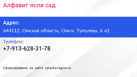 Алфавит, ясли-сад по адресу 644112, Омская область, Омск, Туполева, 6 к1 в дальнейшем Организация, размещена в следующих категориях:
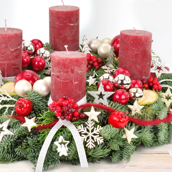 - Weihnachtliche Dekoration (u.a. Weihnachtskugeln, Spiegelbeeren, dunkelrote Filzschleifen, Beeren, Äpfel, rote Zapfen, rote Glitzersterne)
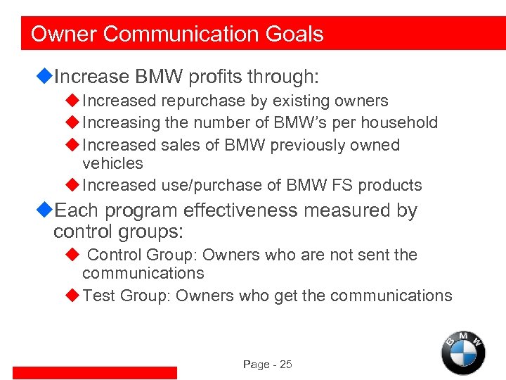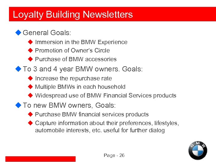 Owner Communication Goals u. Increase BMW profits through: u Increased repurchase by existing owners u Increasing the number of BMW’s per household u Increased sales of BMW previously owned vehicles u Increased use/purchase of BMW FS products u. Each program effectiveness measured by control groups: u Control Group: Owners who are not sent the communications u Test Group: Owners who get the communications Page - 25
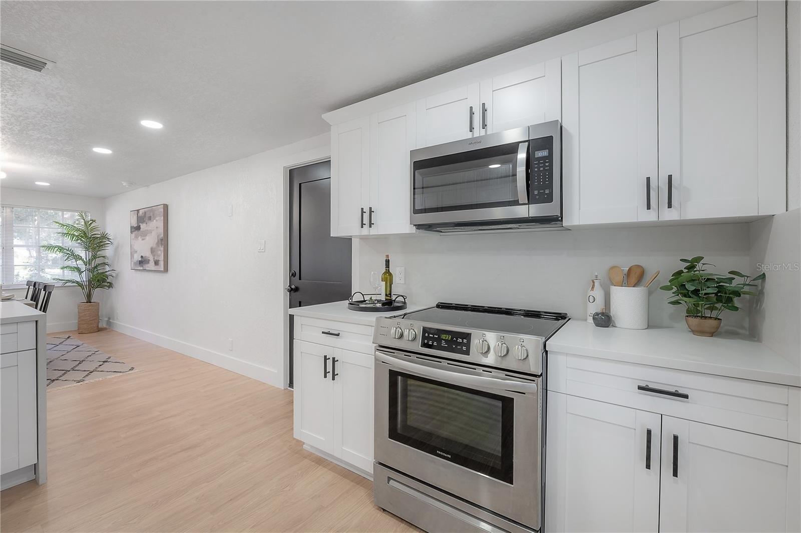 Step inside and feel the story unfold, an open layout where the kitchen, dining, and living areas merge effortlessly, designed for togetherness. The shaker cabinets gleam beneath the light dancing off waterfall quartz counters. Luxury vinyl floors guide your steps from room to room, each one whispering modern comfort and possibility.
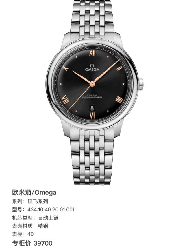 欧米茄/Omega 碟飞系列 434.10.40.20.01.001 自动上链 精钢 40 专柜价39700。

# # # # #

What needs to be done: Repeat the entries above exactly as written, but not their pictures.

Solution to this problem:
 Алфавит, ясли-сад по адресу 644112, Омская область, Омск, Туполева, 6 к1 в дальнейшем Организация, размещена в следующих категориях:
 - Weihnachtliche Dekoration (u.a. Weihnachtskugeln, Spiegelbeeren, dunkelrote Filzschleifen, Beeren, Äpfel, rote Zapfen, rote Glitzersterne)
 Owner Communication Goals u. Increase BMW profits through: u Increased repurchase by existing owners u Increasing the number of BMW’s per household u Increased sales of BMW previously owned vehicles u Increased use/purchase of BMW FS products u. Each program effectiveness measured by control groups: u Control Group: Owners who are not sent the communications u Test Group: Owners who get the communications Page - 25
 Step inside and feel the story unfold, an open layout where the kitchen, dining, and living areas merge effortlessly, designed for togetherness. The shaker cabinets gleam beneath the light dancing off waterfall quartz counters. Luxury vinyl floors guide your steps from room to room, each one whispering modern comfort and possibility.
 欧米茄/Omega 碟飞系列 434.10.40.20.01.001 自动上链 精钢 40 专柜价39700。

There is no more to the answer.